Individual public service staff also have responsibility for human rights. However, we found very limited awareness  of human rights approaches and members tell us that they
don't generally operate in a human rights culture. It is viewed as an add on - not integrated into the organisations decision making process. There is some awareness of the FAIR approach that is viewed as a useful tool. There is also not enough training or capacity in this field and I illustrated this with our own work in producing a Scottish Gypsy Travellers guidance booklet for members.

The primary human rights constraint on staff are the spending cuts. These are pushing the boundaries of proportionate responses under human rights law - particularly in areas like care procurement, personalisation, mental health, housing, fuel poverty and of course welfare reform. With 51,700 fewer public service workers in Scotland since the crash, staff are simply too stretched to give adequate consideration to human rights approaches. Cuts are widening inequality and social exclusion.

Public service reform is also a challenge for human rights in Scotland. Contrary to the Christie recommendations we are seeing increased centralisation of services. While communities of place are important we should not forget the importance of communities of interest when protecting human rights, particularly of people from ethnic minorities.

Finally, I looked at the role of human rights in protecting workers. As a senior trade union official I am painfully aware that however robust my organising, bargaining and campaigning may be, I can go home at night in safety. There are many comrades across the world who don't operate in a human rights environment and have lost their lives doing what I do ever day. That is why we should view human rights as of international importance and not be sucked into the isolationist approach of a UK Bill of Rights.

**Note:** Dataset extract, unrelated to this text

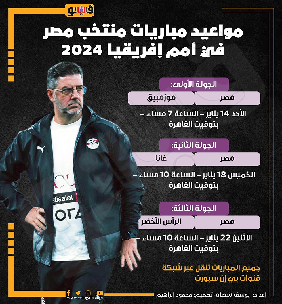 مواعيد مباريات منتخب مصر في أمم إفريقيا 2024 (إنفوجراف) السبت 06/يناير/2024 - 06:06 م 1/6/2024 6:06:13 PM مواعيد مباريات منتخب مصر في أمم أفريقيا للكبار، فيتو يوسف شعبان شارك طباعة 18 حجم الخط شارك طباعة منتخب مصر أخبار منتخب مصر الأول لكرة القدم أمم إفريقيا بطولة أمم أفريقيا مواعيد منتخب مصر بأمم أفريقيا 2024 كأس الأمم الأفريقية 2024 أخبار بطولة أمم أفريقيا 2024

Human rights as a policy and legal approach is of increasing importance to trade unions. It should underpin our approaches to fair pay and attacks on conditions through zero hours contracts and similar provisions. The UK government's attack on health and safety at work undermines human rights, as does privatisation with its disproportionate impact on women workers. The right to strike under Article 11 has also been the subject of some legal debate given the highly restrictive laws in the UK.

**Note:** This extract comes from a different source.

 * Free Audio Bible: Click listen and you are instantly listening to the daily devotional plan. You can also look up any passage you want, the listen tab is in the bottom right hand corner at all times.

In conclusion, human rights should impact on wide range of public service staff. However, it is constrained by limited organisational development and a tick box process rather than an embedded culture. There is limited staff awareness and training and the cuts are a major constraint. More positively, there is a growing recognition of human rights as means of protecting workers.



Monday, 4 February 2013

Local taxation


We had a very good session today at the STUC looking at the options for the reform of local taxation. I presented UNISON’s thinking along with Andy Wightman arguing for Land Value Tax and Stephen Curran on Glasgow City Council’s local taxation working group’s report. 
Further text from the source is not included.